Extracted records
------------------------------------

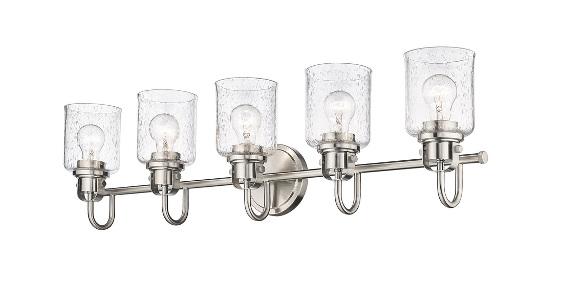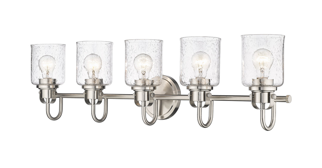 The industrial-inspired Kinsley Collection of pendant and vanity fixtures uses simple, artisanal detailing to create a timeless statement. The vintage-influenced craftmanship is finished in a choice of Brushed Nickel, Matte Black, Chrome, and Heritage Gold.
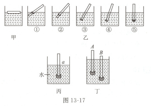 (1) 如图 13 - 17 甲所示,小明将直杆放入水中,直杆倾倒后漂浮在水面上,此时直杆受到的浮力 _______ 重力。
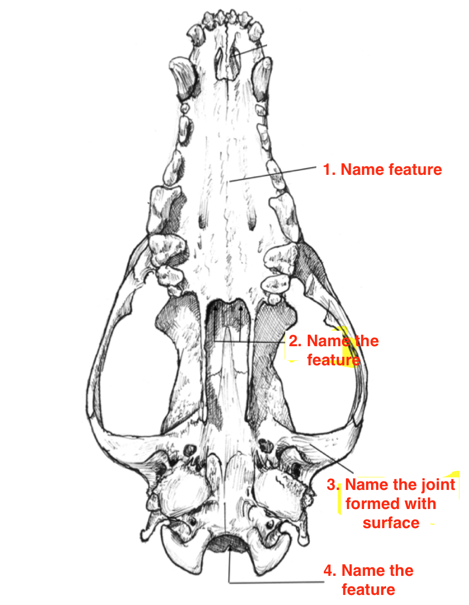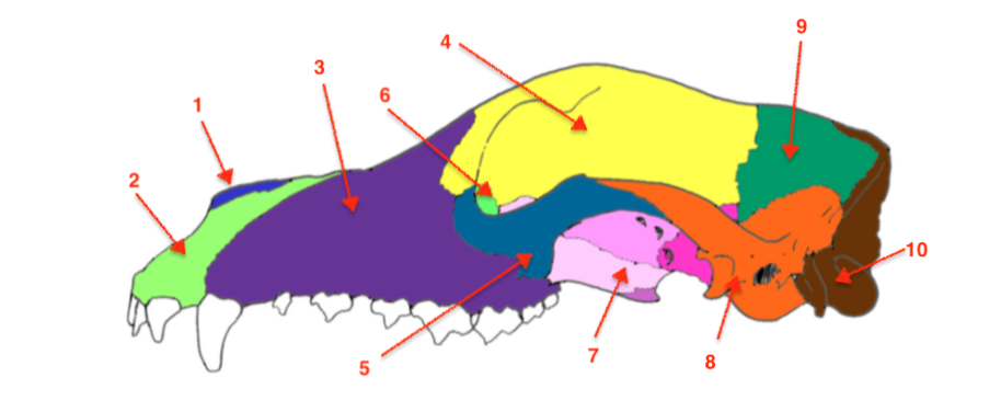 a jigsaw of individual bones that unite at sutures (approx. 33 of them) to form important structures including but not limited to braincase (or cranium), sockets (orbit), twin nasal cavities and the upper jaw, articular processes, bony ear cavities
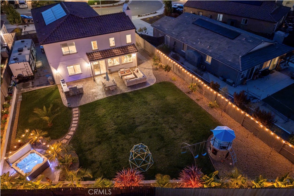 Stunning 5-Bedroom Home with Outdoor Kitchen, Expansive Backyard & Premium Upgrades! Welcome to this exceptional 5-bedroom, 4-bathroom two-story home that offers RV parking, a huge backyard, and unparalleled indoor-outdoor living. The backyard is an entertainer's dream featuring an outdoor kitchen with a Mont Alpie pizza oven, grill, and fridge, complemented by gorgeous lighting, a high-end hot tub, and a natural gas fire pit perfect for cozy evenings under the stars. Get your fruit fix! Just planted a variety of delicious fruit trees including mandarin, lemon, avocado, fugi apple, peach, plum, Granny Smith, apricot, and banana. Inside, the massive kitchen is a chef's delight, complete with LG stainless steel appliances, a stunning island with ample seating, a large pantry for all your storage needs, and a dedicated wine bar area featuring a bodega fridgeideal for showcasing your favorite Central Coast wines alongside your coffee station. This home is equipped with air conditioning, a secure security system, and features owned solar by SunPower to keep energy costs low. The versatile floor plan includes two bedrooms downstairs and a den that could serve as an additional bedroom or suite, while all other bedrooms are located upstairs. The luxurious primary suite boasts a large, spacious closet, a soaking tub, a large shower, dual sinks, and spectacular mountain views that greet you each morning. Additionally, select bedrooms offer ocean views on clear days, providing a serene backdrop throughout the home. As part of the Summit Club HOA, enjoy resort-style amenities such as a pool, Jacuzzi, gym, clubhouse, pickle-ball courts, basketball courts, and more. Don't miss the opportunity to experience this truly remarkable homeschedule your showing today!
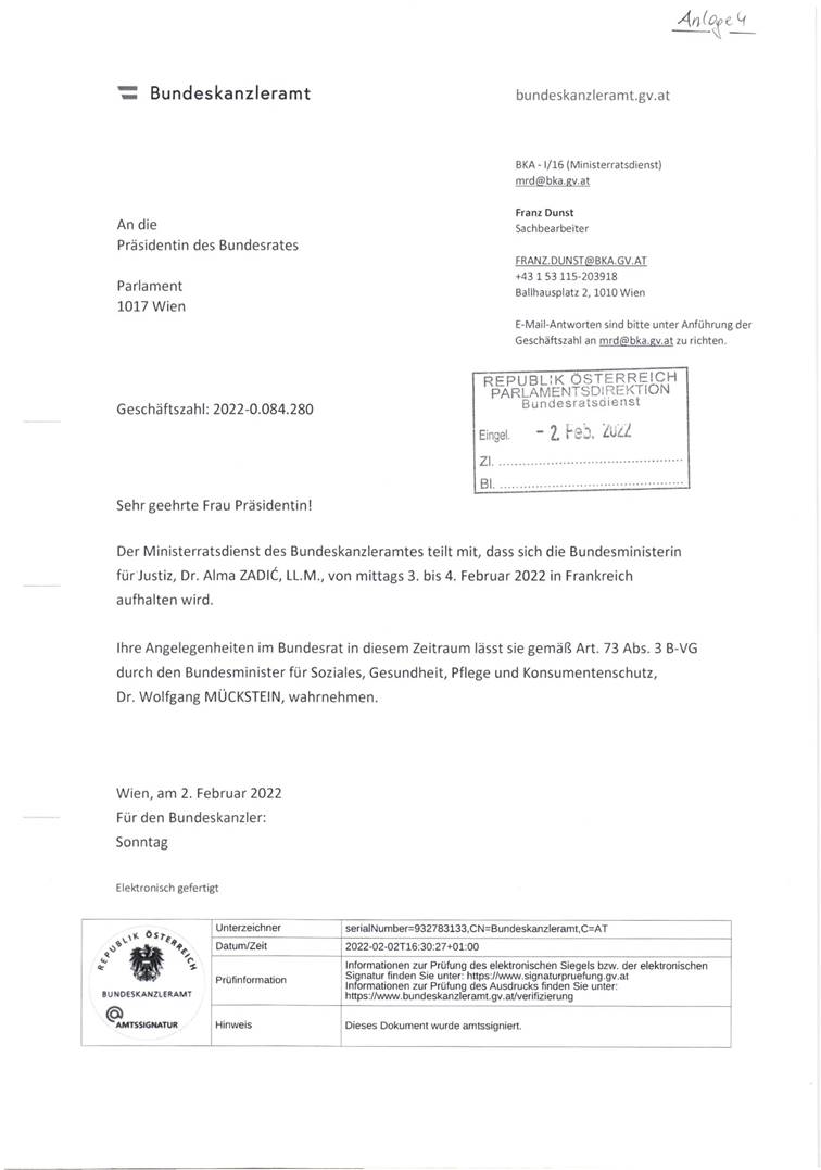 Schreiben des Bundeskanzleramtes betreffend Aufenthalt von Mitgliedern der Bundesregierung in einem anderen Mitgliedstaat der Europäischen Union 62, 63, 64
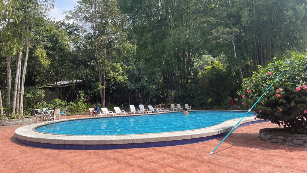 Da wird dringend mal wieder eine Dusche nötig hatten verbrachten wir den Sonntag auf dem Gelände des schicken Hotel & Resort „Kumbha Mela“. Für die 10$, die wir für den Stellplatz auf dem Hotelparkplatz bezahlten, bekamen wir nicht gerade viel geboten. Immerhin konnten wir die Toiletten und Duschen am Pool benutzen wobei letztere viel kälter als das unbeheizte, wirklich schöne Schwimmbecken waren. 🥶 Deswegen verschoben wir die Gedanken an die Körperpflege erst einmal und füllten stattdessen mit einem vorhandenen Schlauch unseren völlig leeren 120 Liter Wassertank auf. Anschließend widmeten wir uns der Fertigstellung eines neuen Videos und da es diesmal so einiges zum nachvertonen gab kostete es, vor allem mich, einiges mehr an Schweiß und Nerven weswegen ich mir für 5$ extra einige Runden im Pool gönnte. ☺ Auch das WLAN war ganz ordentlich so dass ich am Abend noch den nächsten Blog bebildern und zusammen mit Simon den neuen Mission Impossible Film streamen konnte.
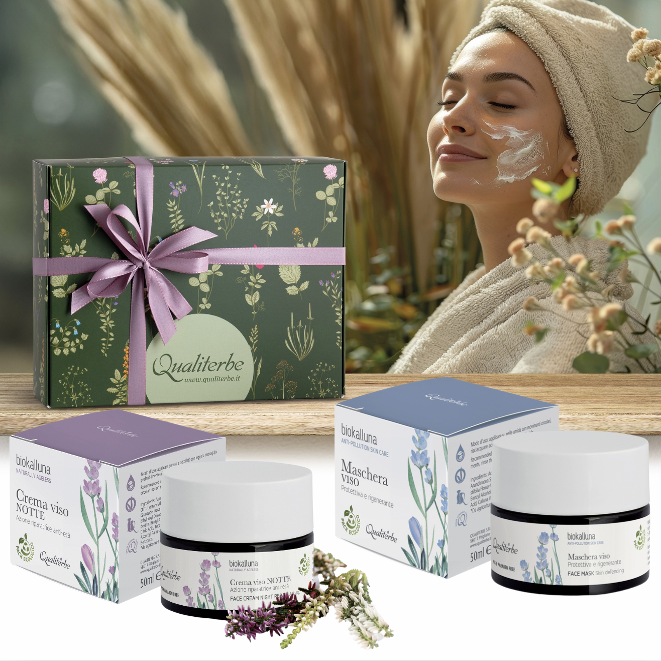 Scegli un rituale notturno di lusso per risvegliarti con una pelle riposata, levigata e splendidamente rinnovata! I prodotti "Notte di Bellezza" sono studiati per rigenerare e proteggere, agisccono mentre dormi per una bellezza che si rivela ogni mattina. Crema Viso Notte Riparatrice Anti-Età Biokalluna: Lavora in profondità, nutre e rigenera la pelle, donando elasticità e morbidezza. Maschera Viso Protettiva e Rigenerante Biokalluna: Ripara e fortifica la pelle, aiutandola a recuperare tonicità e freschezza. Il kit include spedizione gratuita e una confezione regalo elegante.
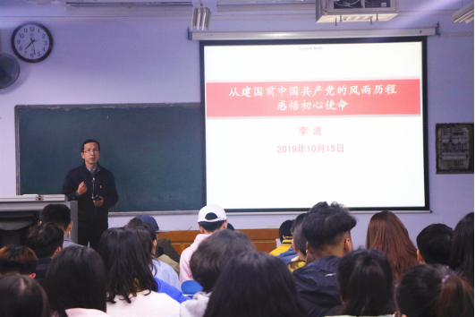 2019年10月15日晚,太阳城网址(中国)官方网站 党委书记李波在6205教室为同学们做了题为《从建国前中国共产党的风雨历程感悟初心使命》的专题党课。太阳城网址(中国)官方网站 第49期入党积极分子80余人聆听了党课。
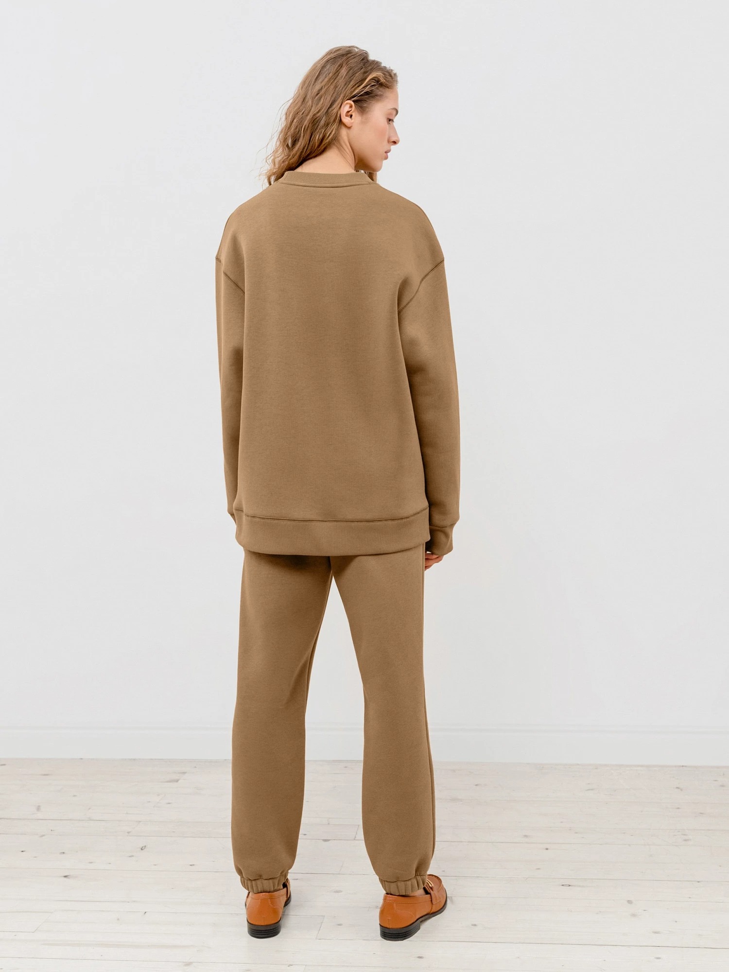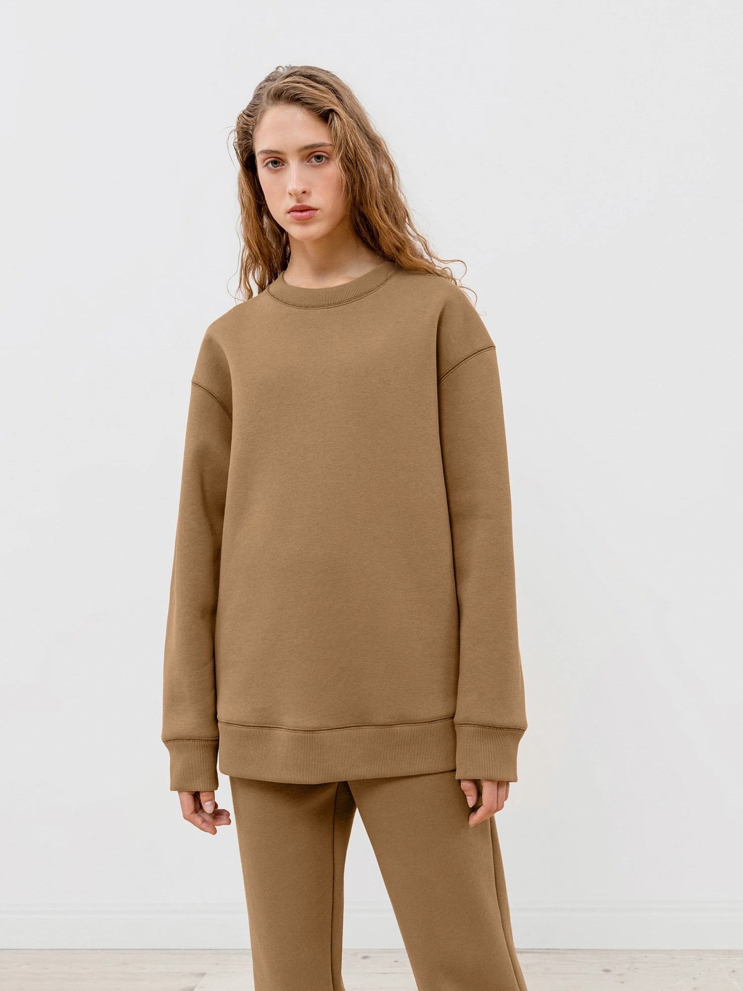 На сайте указаны российские размеры. Свитшот женский прямого силуэта из трикотажного полотна орехового цвета с круглым вырезом горловины, спущенным плечом и рукавом полной длины. Вырез горловины, низ рукавов и низ изделия обработаны кашкорсе в цвет основной ткани. Рост модели на фото - 175 см.
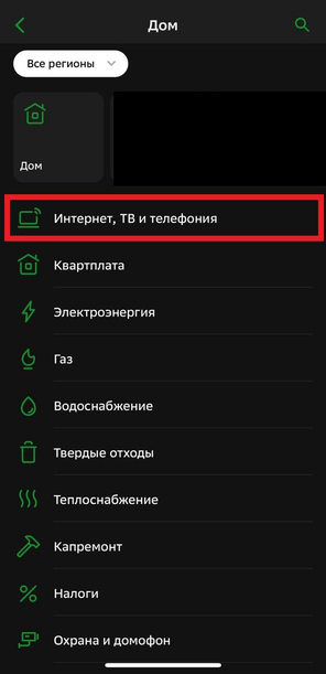 3. Нажмите строку «Интернет, ТВ и телефония» или «Интернет»
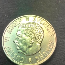Ett svenskt minnesmynt med Gustaf VI Adolf. Årtal och värde framgår av myntet.
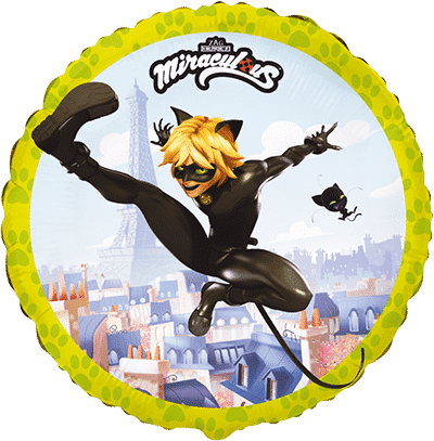 Кръгъл фолиев балон Miraculous Cat Noir с динамичен дизайн от популярната анимационна поредица. Подходящ за детски рожден ден и тематично парти с героите от „Калинката и Черния котарак“. Размер 18"/45 см – идеален за пълнене с хелий и използване в балонени букети и декорации. Подходящ и за пълнене с въздух. Балонът е произведен от Flexmetal и разполага с всички сертификати, изисквани от ЕС.
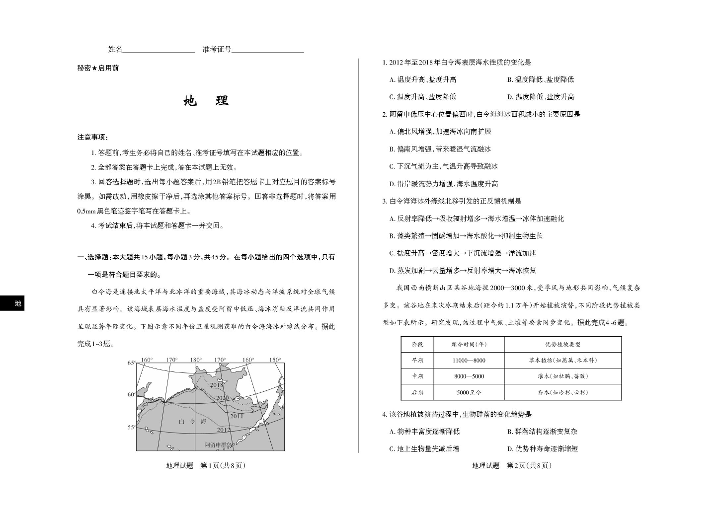 高三地理--山西省思而行2026届高三上学期备考核心模拟中期考试

------------------------------------

» **Problem details**
The answer must consist solely of the lines from the first line of the records through the line containing "a jigsaw of", reproduced exactly and without the pictures.

» **Solution for this task**
 The industrial-inspired Kinsley Collection of pendant and vanity fixtures uses simple, artisanal detailing to create a timeless statement. The vintage-influenced craftmanship is finished in a choice of Brushed Nickel, Matte Black, Chrome, and Heritage Gold.
 (1) 如图 13 - 17 甲所示,小明将直杆放入水中,直杆倾倒后漂浮在水面上,此时直杆受到的浮力 _______ 重力。
 a jigsaw of individual bones that unite at sutures (approx. 33 of them) to form important structures including but not limited to braincase (or cranium), sockets (orbit), twin nasal cavities and the upper jaw, articular processes, bony ear cavities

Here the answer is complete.